Will Someone in the TSA Please Taze Baggage Claim?
What is it about romantic comedies? They can either be incredible (see; The Wedding Singer) or absolutely horrible (see Fools Gold…or anything else with Kate Hudson). Unfortunately for Baggage Claim, they are neatly nestled in the latter category.
Let’s start with the premise. Montana Moore (Paula Patton) a flight attendant with a porn star name, has just learned that her little sister is getting married…insert case of feminine hysterics. Now, Montana has 30 days to find and get engaged so her sister won’t ‘win’. With the help of her sassy best friend Gail Best (Jill Scott), and her stereotypical gay friend Sam (Adam Brody), she is going to break every flight regulation possible and use her airline to hunt down all her ex boyfriends. Then, she’ll ‘accidentally’ bump into all of them when they inevitably come to her airport. Little does she know that Mr. Right is right in front of her!
Literally, her love interest’s name is Mr. F–ing Wright. Apparently, someone thought that was clever.
There are two major flaws with this movie that keep it from taking off in any way. First, it’s insulting to BOTH genders. Second, it requires a suspension of belief usually only reserved for science fiction…bad science fiction.

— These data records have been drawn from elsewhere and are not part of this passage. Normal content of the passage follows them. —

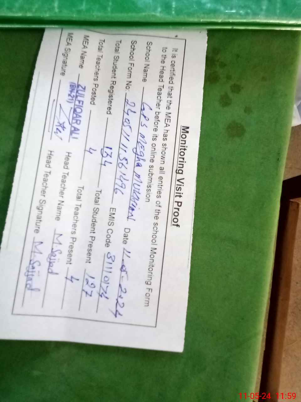 | EMIS Code: 31110174 | Name of School: GPS MEGHA MUKHIAN | |||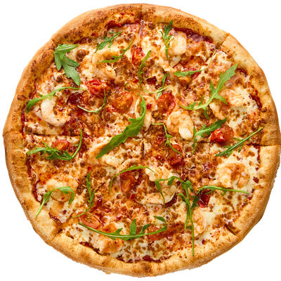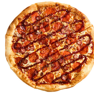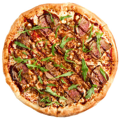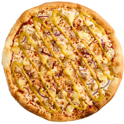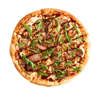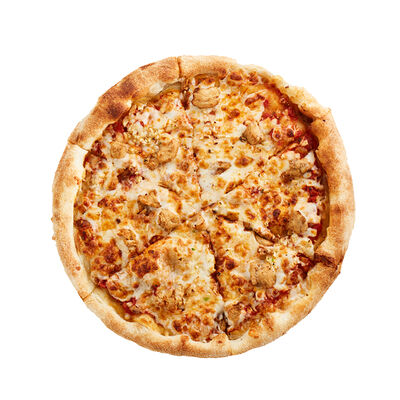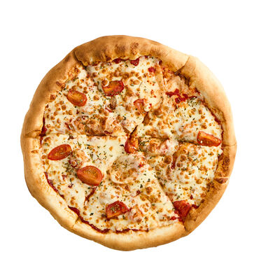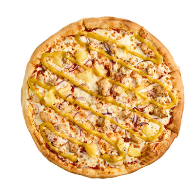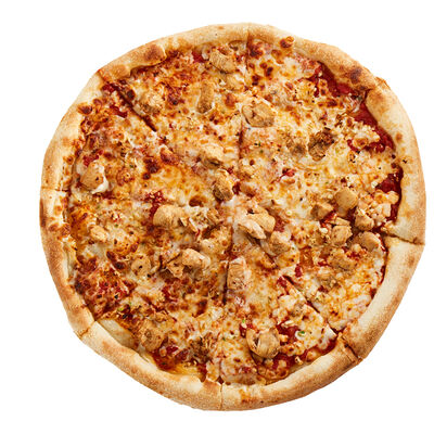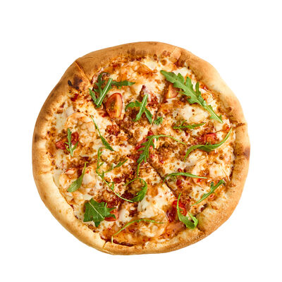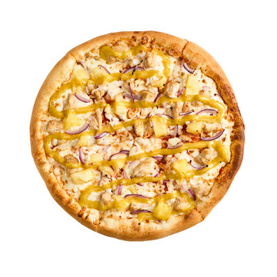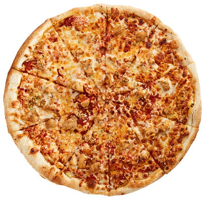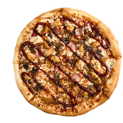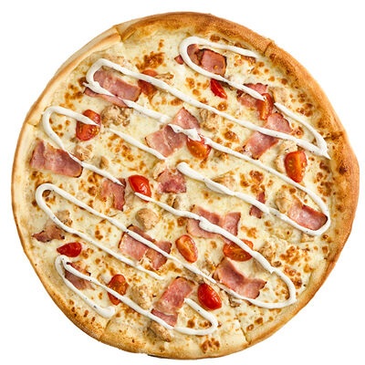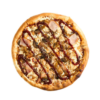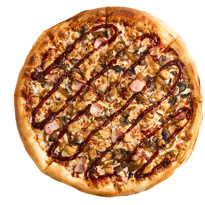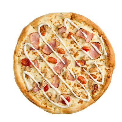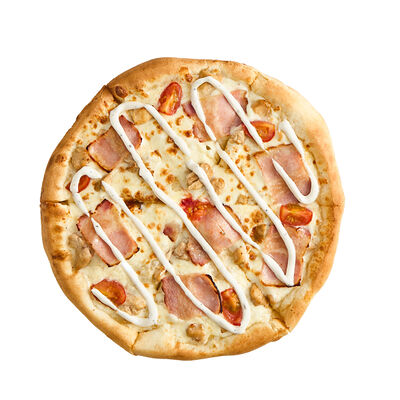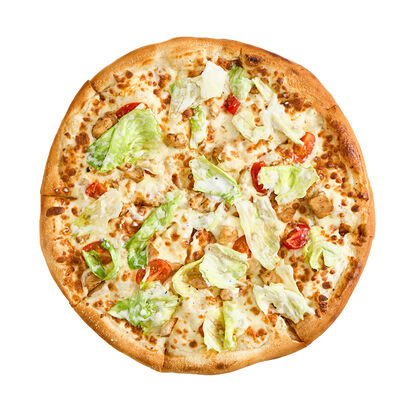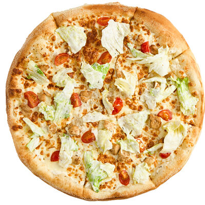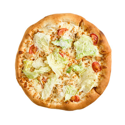 Курочка в соусе барбекю, сыр пармезан, томаты черри, салат айсберг и соус цезарь. 25 см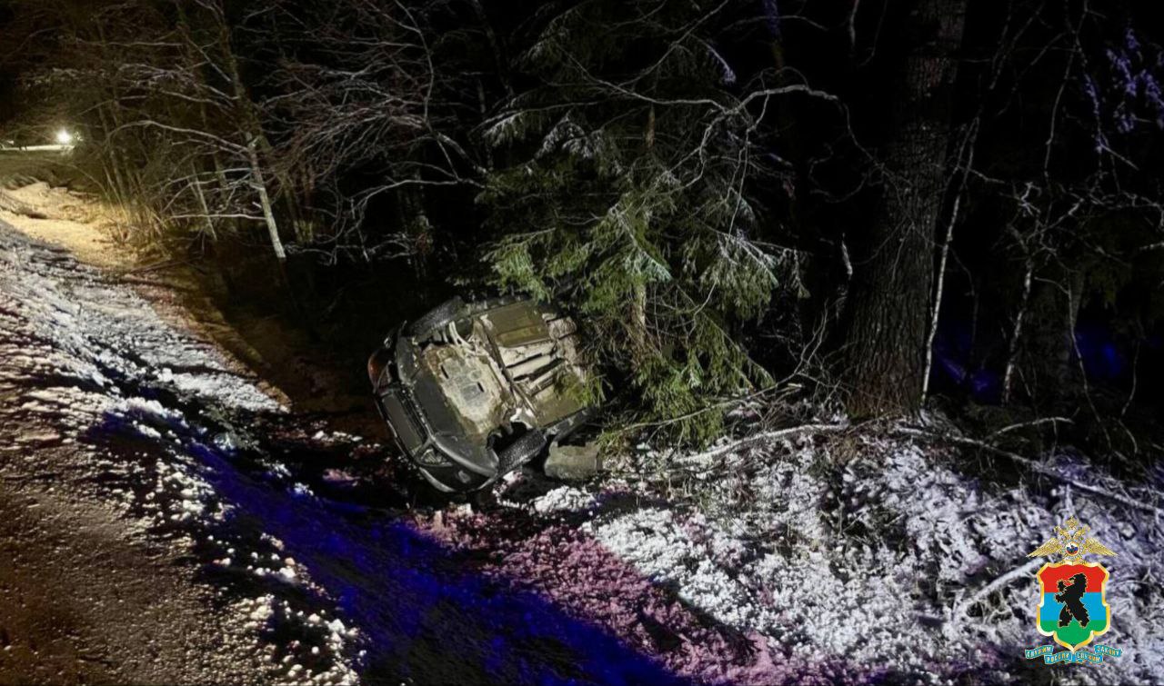 По уточненным данным полиции, за рулем находилась 31-летняя жительница Петрозаводска. Причиной аварии стало упавшее дерево. При объезде дерева женщина допустила съезд с проезжей части дороги в левый по ходу движения кювет с последующим опрокидыванием.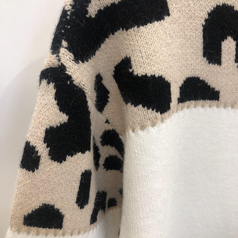 Knitwear women's spring and autumn pullover long sleeve bottoming shirt color-blocking leopard print crew neck casual sweater

Let’s start on how it’s insulting to woman. [more…]The entire premise of the story is that Montana MUST get married in order to not dishonor the family (because this movie takes place in 1950’s Japan). Her little sister, who is about to drop out of school to get married is winning. Screw Montana having a good career and all that. The only thing that matters is how many sheep and cows they are going to turn over for her dowry. Sorry, got confused again. While watching this, I kept checking the credits to see when it was made. Every time I saw 2013, I got a little more lost.
Next, they guys get nailed as well. Men did not get treated nicely in this film. Every single guy was a stereotype in some way. They had married guy, flashy guy, narcissist, and more stereotypes I didn’t bother to remember. The movie stumbles through an unfunny bad date montage and climaxes with the requisite ‘love was with me all the time’ William Wright (Derek Luke) professing his undying love. There was no male character in this movie that wasn’t either a complete jerk, or a doormat.
Let’s get on with the suspension of belief.
First of all, the characters mess with the airline scheduling system in order to stalk Montana’s exes. I can’t even get a bottle of shampoo on a plane without getting tackled by security. How are three people messing with the entire friggen flight plan…with no apparent fear of going to federal prison?
Next, ALL of Montana’s exes go through her airport, coincidentally, within the next 30 days. They brush this coincidence off by explaining that it’s the holidays, so everyone is traveling. I wasn’t buying it. I could buy the guys all deciding to travel for the holidays. I could even buy them all deciding to fly. What I couldn’t buy was the fact that Montana apparently worked at the only available airport in the entire United States.
With a storyline stuck in a time warp, clichéd characters and bigger plot holes than the Grand Canyon, Baggage Claim is best left with the unclaimed baggage.